Webscraping websites with old unsupported Internet Explorer browser-CodePudding

I am trying to scrape the following website(https://iltacon2022.expofp.com/) and I keep receiving the following error (full output print below). I'm not sure what the issue is and I was wondering if someone could help me.

 if (window.navigator.userAgent.indexOf("Trident/") !== -1) {
                alert("Your are using old unsupported Internet Explorer browser.\nPlease upgrade to view this page properly."

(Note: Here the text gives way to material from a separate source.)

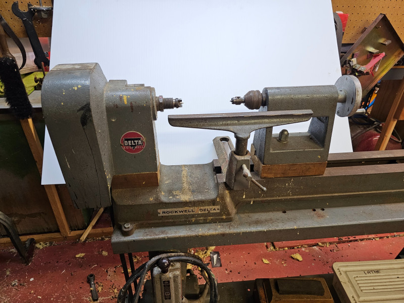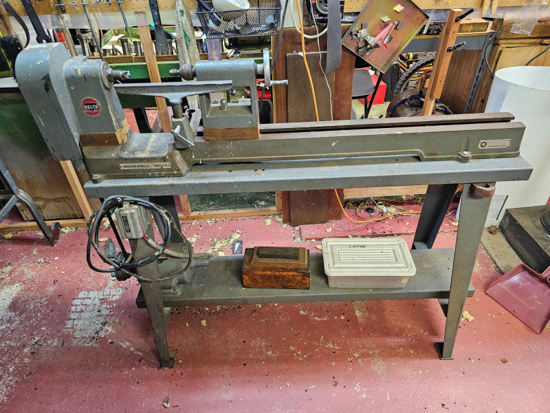 Rockwell Delta Woodworking Lathe Features cast-iron construction for stability, powerful 1/2hp motor, and 4-speeds Applications: These lathes are suitable for a wide range of turning applications, from small spindle work like pens to larger bowl turning. Power cord could use replacing Tested - Works! 44.5"T x 53"W x 18"D
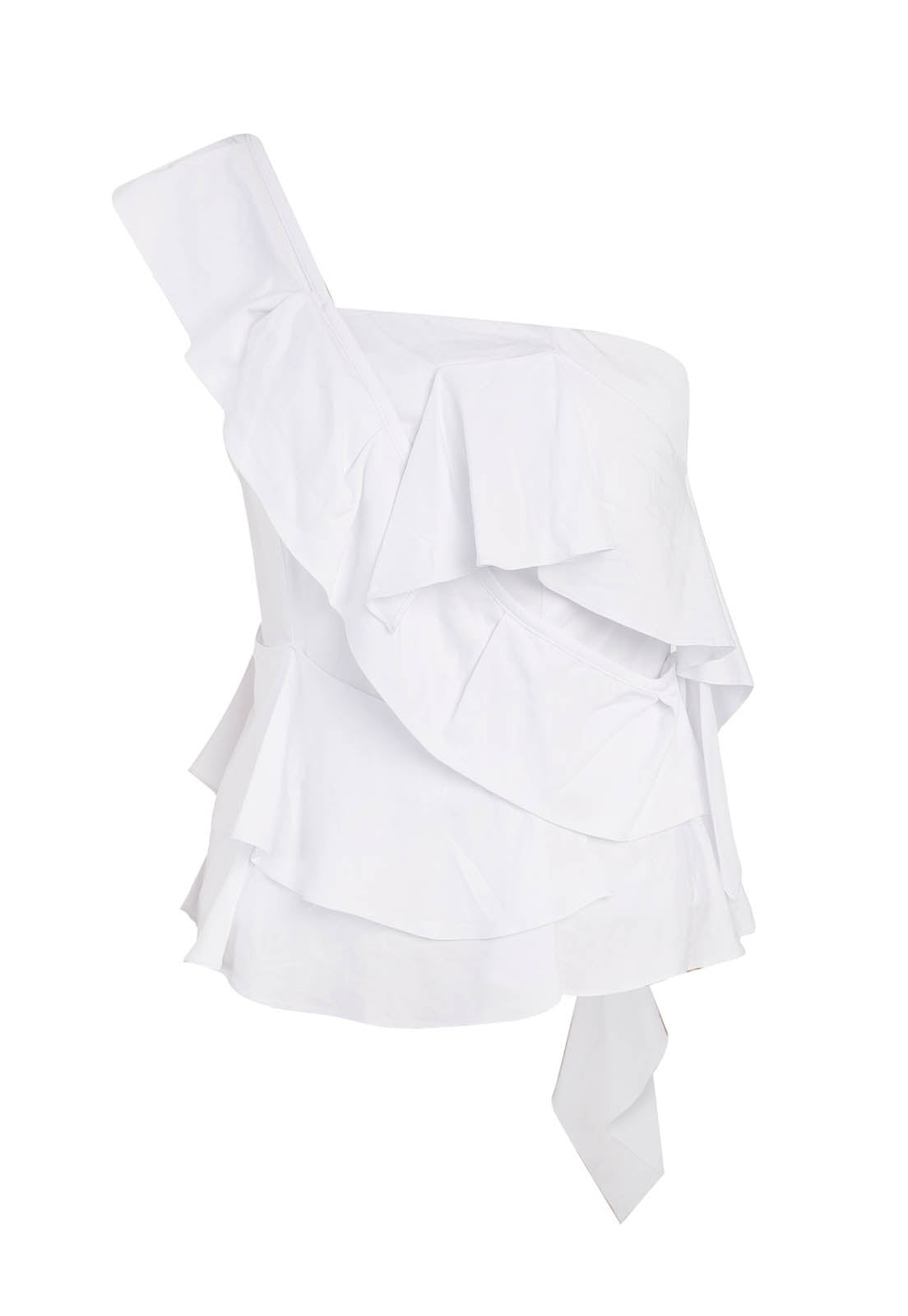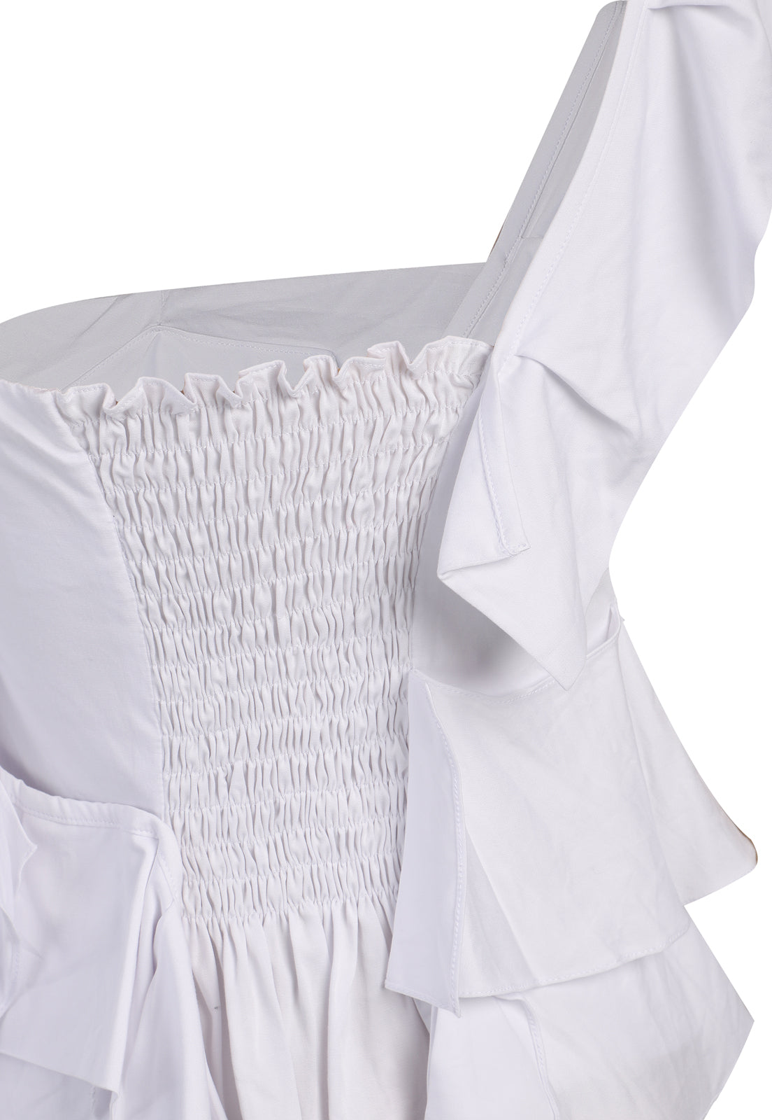 PIEZA ÚNICA. Blusa top en tela chalis blanco. Con resorte en la espalda para un mejor entalle.

I've tried using selenium and the requests module, but I seem to experience the same problem either way.

Code trials:

from bs4 import BeautifulSoup as bs
from selenium import webdriver
from selenium.webdriver.common.by import By
from selenium.webdriver.firefox.options import Options
import random
import requests

options = Options()
options.headless = False
driver = webdriver.Firefox(options=options)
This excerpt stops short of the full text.